▸ INFORMATION SUPPLIED:
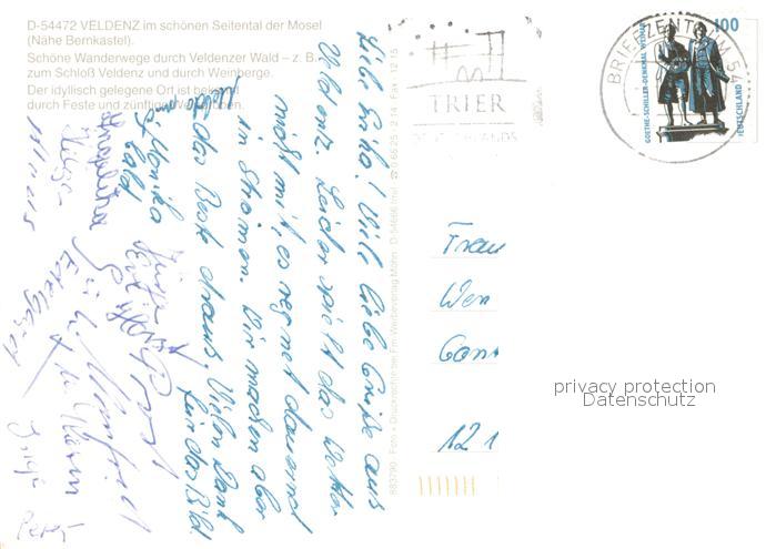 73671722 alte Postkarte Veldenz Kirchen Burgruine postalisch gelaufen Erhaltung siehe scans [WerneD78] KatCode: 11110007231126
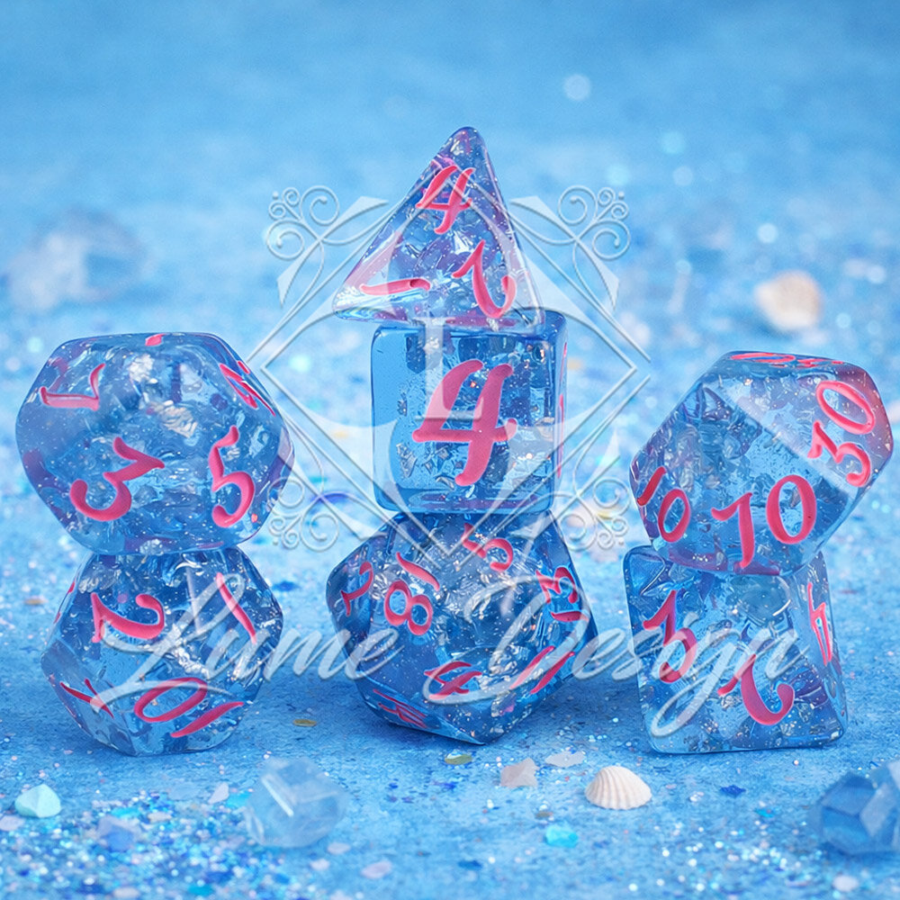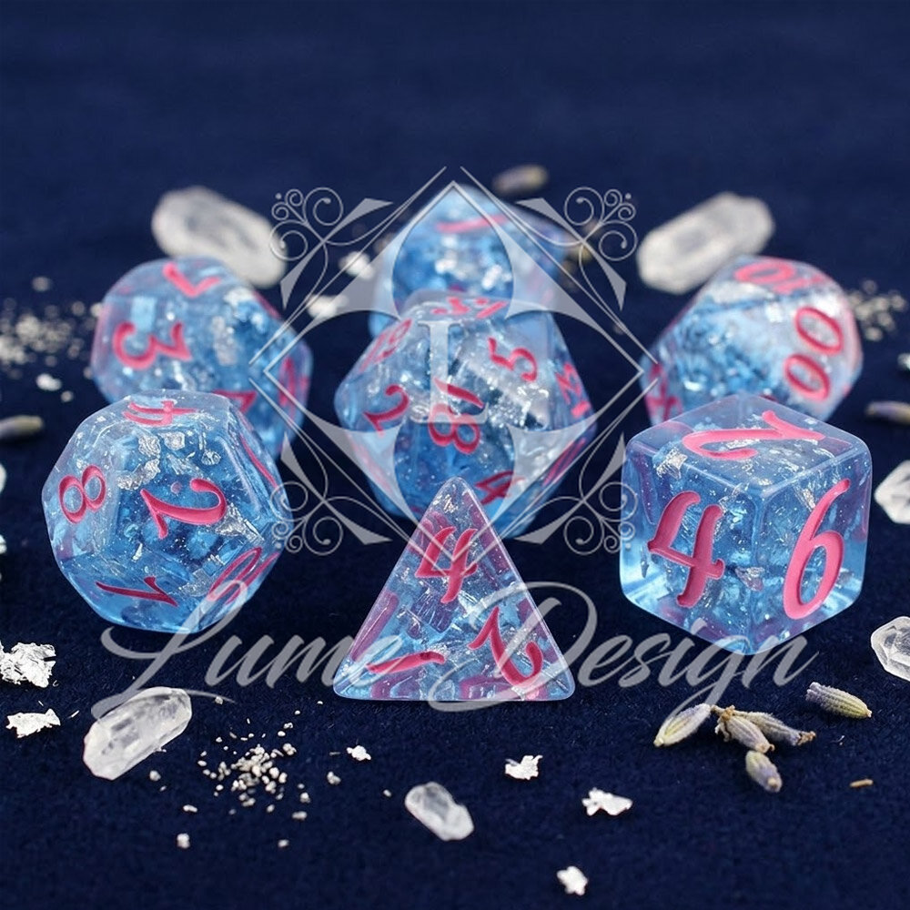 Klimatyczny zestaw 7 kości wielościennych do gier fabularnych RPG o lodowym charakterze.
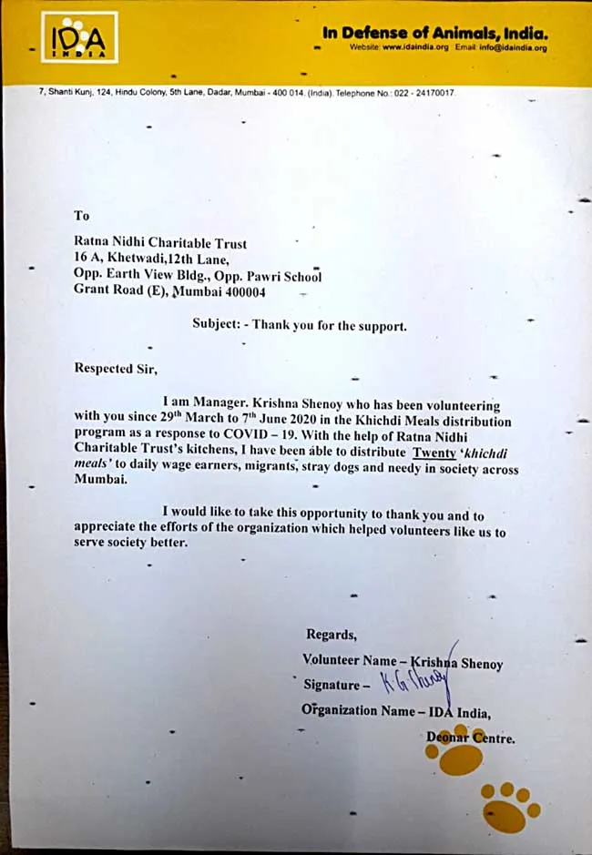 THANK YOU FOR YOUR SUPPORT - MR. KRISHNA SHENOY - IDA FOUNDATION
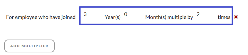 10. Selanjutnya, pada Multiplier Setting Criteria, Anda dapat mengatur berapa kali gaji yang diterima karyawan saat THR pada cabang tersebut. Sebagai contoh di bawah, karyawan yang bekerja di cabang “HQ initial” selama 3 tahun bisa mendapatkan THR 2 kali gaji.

▸ ASSIGNMENT:
Your copy should hold only the lines from the line with "Klimatyczny zestaw 7" through the end of the data above, both ends included, transcribed exactly and without pictures.

▸ TASK ANSWER:
 Klimatyczny zestaw 7 kości wielościennych do gier fabularnych RPG o lodowym charakterze.
 THANK YOU FOR YOUR SUPPORT - MR. KRISHNA SHENOY - IDA FOUNDATION
 10. Selanjutnya, pada Multiplier Setting Criteria, Anda dapat mengatur berapa kali gaji yang diterima karyawan saat THR pada cabang tersebut. Sebagai contoh di bawah, karyawan yang bekerja di cabang “HQ initial” selama 3 tahun bisa mendapatkan THR 2 kali gaji.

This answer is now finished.